What's different/the same this time: Recently, in all of this BLAH feeling... I've realized that last time about this time I was approaching the end of my pregnancy at what seemed like rapid speed.  This time, I'm peaking about now and I'm just gearing up for what's going to be a really long, hot, sweaty, gross and swollen summer.  I'm not looking forward to this time. 

Also, in all of our planning to get pregnant and times that we had tried and tried and tried, when we actually became pregnant with Coen, it was perfect!  I was bound to deliver right around the time that S was wrapping up his school year and then we were going to be off together for what ended up being my entire maternity leave.  It was fantastic because having him around to help with everything was amazing. 

This time, again with no planning involved, we aren't in the same position as we were before.  I will be on maternity leave for the majority of the time, alone.

What I'm looking forward to: Feeling better and getting the nursery going.

Best moment of the week: Seeing Coen become stronger and seeing him start to use words in context.  This, my friends, is the cutest thing I've ever seen.

Last appointment details: My last appointment was on Monday and everything was great.  Measuring on schedule and we had confirmation that my ultrasound looked great too!  Good news all around...

Next appointment: Friday, May 25 at 8:30am. 

They said that I would be scheduling my c-section at my next appointment! 

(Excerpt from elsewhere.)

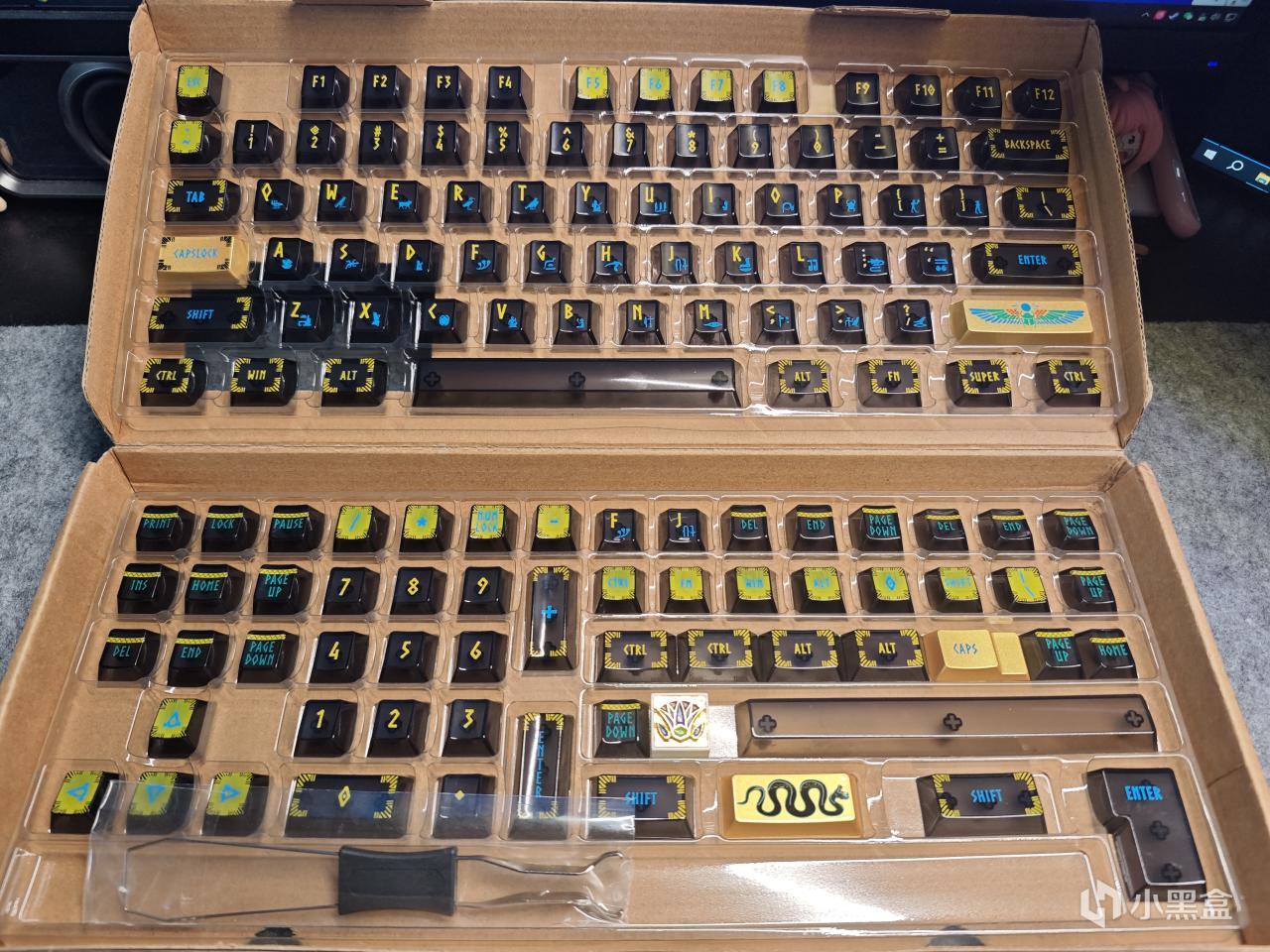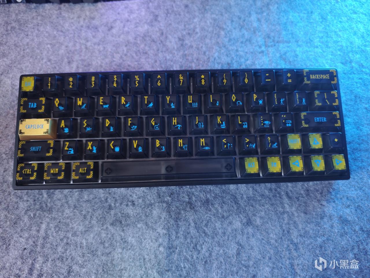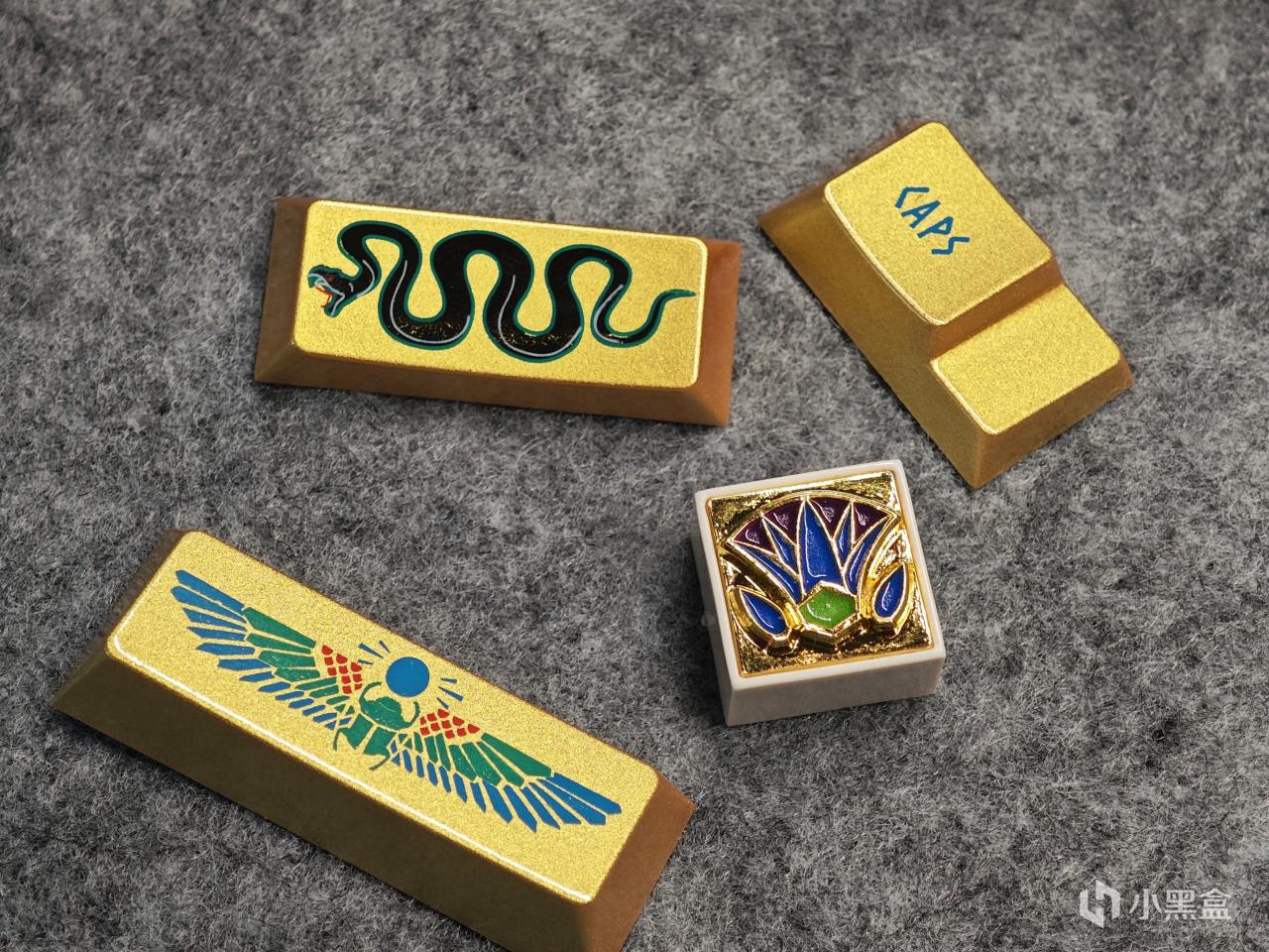 键帽的风格是埃及主题,上面有金色烤漆+多色图案,字符改的像埃及古代的文字

It's crazy to think that I'm going to have a potential "end date" to this pregnancy scheduled in a week, but it will be nice to have an idea of when things will happen.  Last time, it was just a constant guessing game, so it will be nice to know what's going on.  I do realize that by just having a date on the calendar doesn't mean that I'm going to avoid going into labor, altogether.  I realize that this is a possibility and that it could happen, but for now, I'm just going to plan toward that end date and wait for whatever else to happen, in-between now and then.





Have a great weekend!

1 comment:

Leah said...

Keep trucking along lady! Crazy to hear all of the differences.